Your task ▸
When you copy the data, keep every line exactly as written and skip the pictures.

Data below ▸
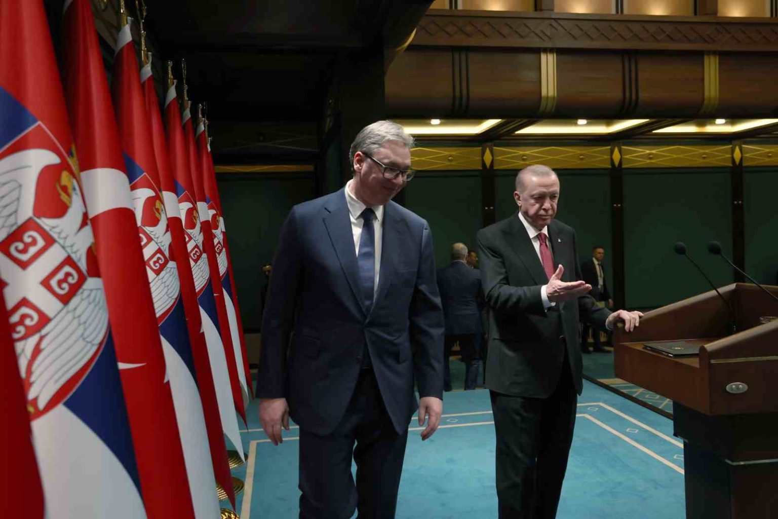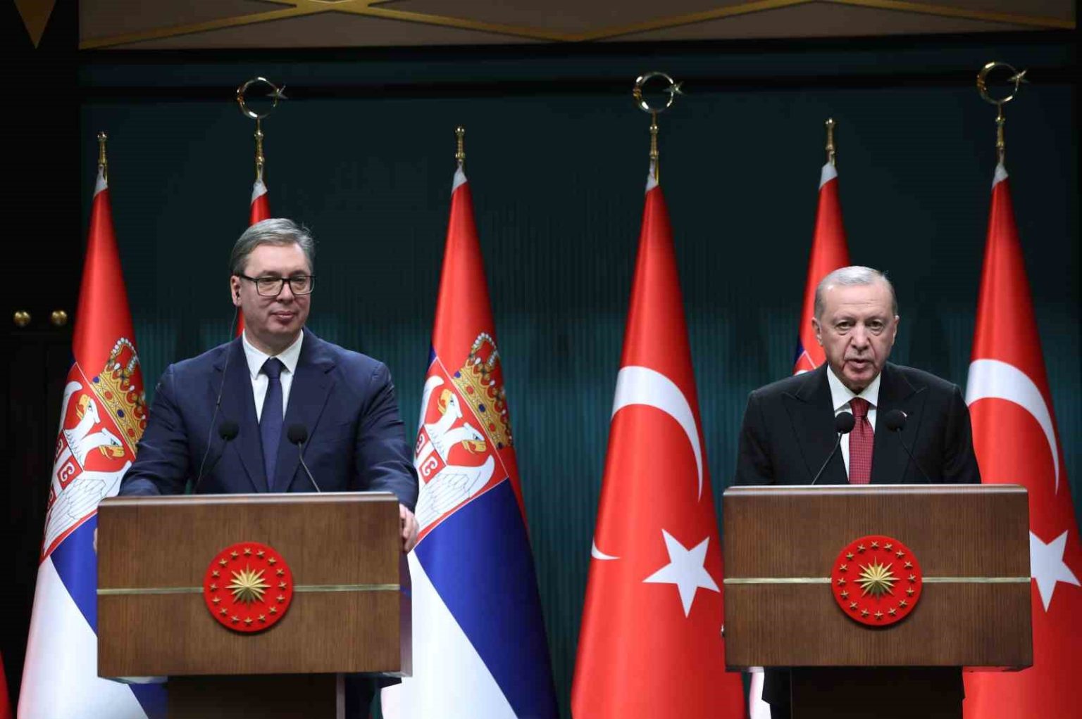 Cumhurbaşkanı Erdoğan, Sırbistan Cumhurbaşkanı Aleksandar Vucic ile Cumhurbaşkanlığı Külliyesinde bir araya geldi. Cumhurbaşkanı Erdoğan, Aleksandar Vucic’i resmi törenle karşıladı ve daha sonra ikili görüşme gerçekleştirdi. Heyetler arası gerçekleştirilen diğer görüşmenin ardından Cumhurbaşkanı Erdoğan ve Aleksandar Vucic ortak basın toplantısı düzenledi.
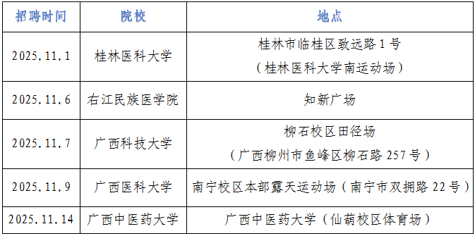 三、廣西各醫(yī)學院校雙選會舉辦時間、地點
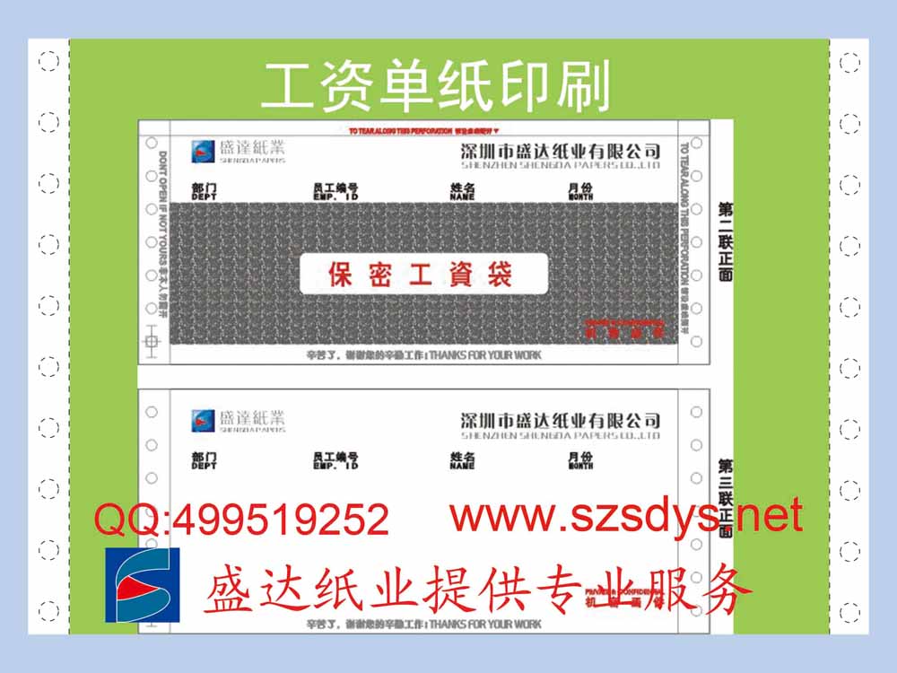 工藝:工資密碼紙為一份三聯(lián)無碳紙,紙質(zhì)有55克及80克任客戶選擇,工資密碼紙版面內(nèi)容可按客戶要求排版,印刷上單位標志及單位名稱中英文、注意事項等要求內(nèi)容。常用尺寸為:93*217mm、140*241mm。四周通過有色膠粘接、正反面通過印刷保密底紋、保密效果好。通過對電腦紙涂膠粘合及相關(guān)部位的增感油墨或減感油墨的印刷,實現(xiàn)員工薪酬明細信息的保密。有多種版式、保密花紋可選用,通過針式打印機套打使用。工資密碼紙具有無碳復(fù)寫、電腦連續(xù)打印、私人信息保密功能。為確保工資密碼紙在傳遞或郵寄時的保密,收件人必需沿三邊刀位撕開此產(chǎn)品,方能審閱內(nèi)里的資料。

Reply to the exercise ▸
 Cumhurbaşkanı Erdoğan, Sırbistan Cumhurbaşkanı Aleksandar Vucic ile Cumhurbaşkanlığı Külliyesinde bir araya geldi. Cumhurbaşkanı Erdoğan, Aleksandar Vucic’i resmi törenle karşıladı ve daha sonra ikili görüşme gerçekleştirdi. Heyetler arası gerçekleştirilen diğer görüşmenin ardından Cumhurbaşkanı Erdoğan ve Aleksandar Vucic ortak basın toplantısı düzenledi.
 三、廣西各醫(yī)學院校雙選會舉辦時間、地點
 工藝:工資密碼紙為一份三聯(lián)無碳紙,紙質(zhì)有55克及80克任客戶選擇,工資密碼紙版面內(nèi)容可按客戶要求排版,印刷上單位標志及單位名稱中英文、注意事項等要求內(nèi)容。常用尺寸為:93*217mm、140*241mm。四周通過有色膠粘接、正反面通過印刷保密底紋、保密效果好。通過對電腦紙涂膠粘合及相關(guān)部位的增感油墨或減感油墨的印刷,實現(xiàn)員工薪酬明細信息的保密。有多種版式、保密花紋可選用,通過針式打印機套打使用。工資密碼紙具有無碳復(fù)寫、電腦連續(xù)打印、私人信息保密功能。為確保工資密碼紙在傳遞或郵寄時的保密,收件人必需沿三邊刀位撕開此產(chǎn)品,方能審閱內(nèi)里的資料。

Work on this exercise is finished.